Sent from my iPhone using Petguide.com Free App


----------



## AshleyAndSophiePup (Aug 24, 2012)

Sophie has that right now too. It's frustrating. I'd imagine its like the puppy version of bangs. So I'm just letting hers grow and from all the pictures of top knots I see, it looks like it's just suppose to grow out and become part of the top knot.
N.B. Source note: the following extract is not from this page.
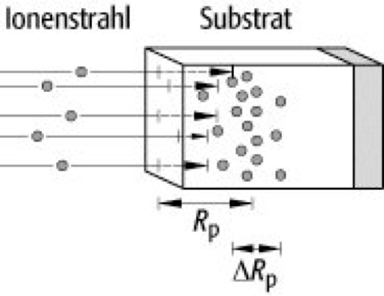 Ionenreichweite 1: Schematische Darstellung der Implantation von Ionen in Festkörpern; Rp: mittlere projizierte Reichweite, ΔRp: Reichweitenverteilung.
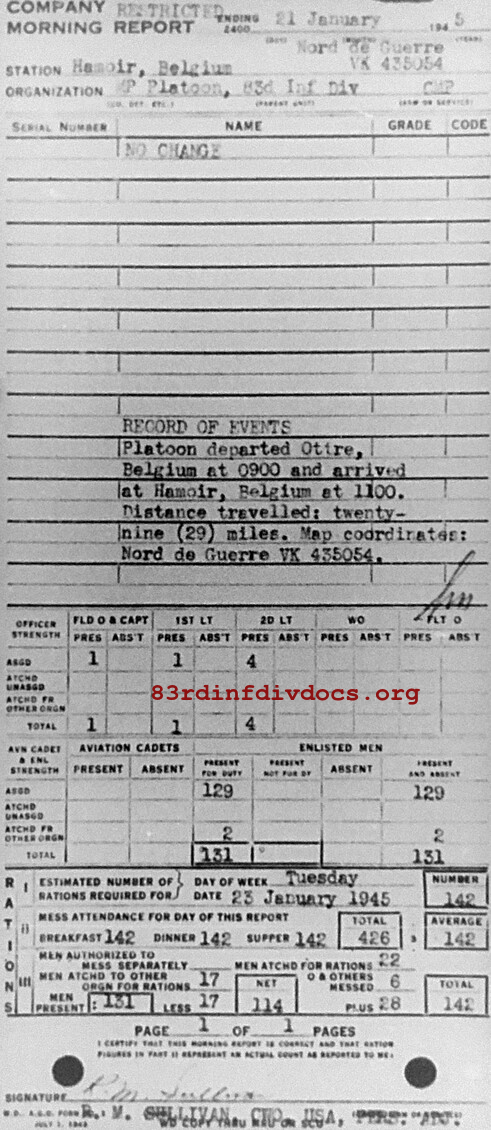 Morning report MP/83 for January 21, 1945

Sent from my iPhone using Petguide.com Free App


----------



## WeeGrace (Oct 22, 2012)

Lol that's what I call it but it always gets in her eyes and then when the bow comes out she looks like a punk rocker cause her hair is all stuck up lol!!! I recently got bangs so I tell daisy shes just copying me!!! Take it Sophie's hair is like Daisy's all over the place. So glad her tear staining is getting less darker her back teeth almost up. Hoping groomer will be able to do better face wash than me.


----------



## Furbabies mom (Jul 25, 2011)

If you plan to keep Darling Daisy in a top knot, don't cut the bangs!!! Don't allow the groomer to cut any hair around the eyes or on top.It is frustrating letting the hair grow out, but if you cut it, you have to trim it often. I!ve got three that are growing out, and they look messy now, but it!s getting better as their hair gets longer.


----------



## WeeGrace (Oct 22, 2012)

Thanks deborah that's what I was thinking when it's short on her face it always pokes her eyes and she scratches like mad she doesn't scratch her face as much when It's tied up so I figure was best to grow it. Don't know if I want her overall body hair to be long I quite like the puppy cut but not sure how that will work with Lin her on the face


----------



## ckanen2n (Jan 2, 2012)

You can try some hair gell to hold those baby hairs up and also try some of mini hair clips - one in the middle or one above aeach eye!


----------



## Grace'sMom (Feb 22, 2012)

I remember those days.... It was so annoying. My mother kept begging me to "trim" her bangs 

But be patient!

They will grow out 

If you cut them... it will take that much longer!


----------



## Zoe's Mom88 (Apr 25, 2011)

I agree....if you want to have a topknot then don't cut the hair around it. Those pieces that are sticking out (bangs) will grow but it take time. Daisy will look adorable no matter what but I wouldn't cut the hair on her head at all.


----------



## WeeGrace (Oct 22, 2012)

Aww thanks guys it's hard to know what to do I know she doesn't like the hair in her eyes hence the bows. Carol thanks for tip will get some hopefully help the hairs to stick together. Tori my parents are the same they want me to cut the hair but think will keep with it she looks so cute with her bow. I suppose it's like when we grow our hair long there is always the ackward in between stages. Her hair grows quickly so hopefully t won't take long!!


----------



## .13124 (Jun 1, 2012)

I let the groomers trim that "bangs" part and I regret it  Thankfully it's growing back nicely and not it stays in her top knot unless she scratches her head . The mini hair snap clips were a life saver when she was younger, I would use two of them and it kept the hair back on her head nicely 

These are the ones I used (and still do sometimes):
http://www.simplyhairaccessories.com/files/1921444/uploaded/IMG_1791.JPG

they're really TINY, it's cute. And they're really secure. 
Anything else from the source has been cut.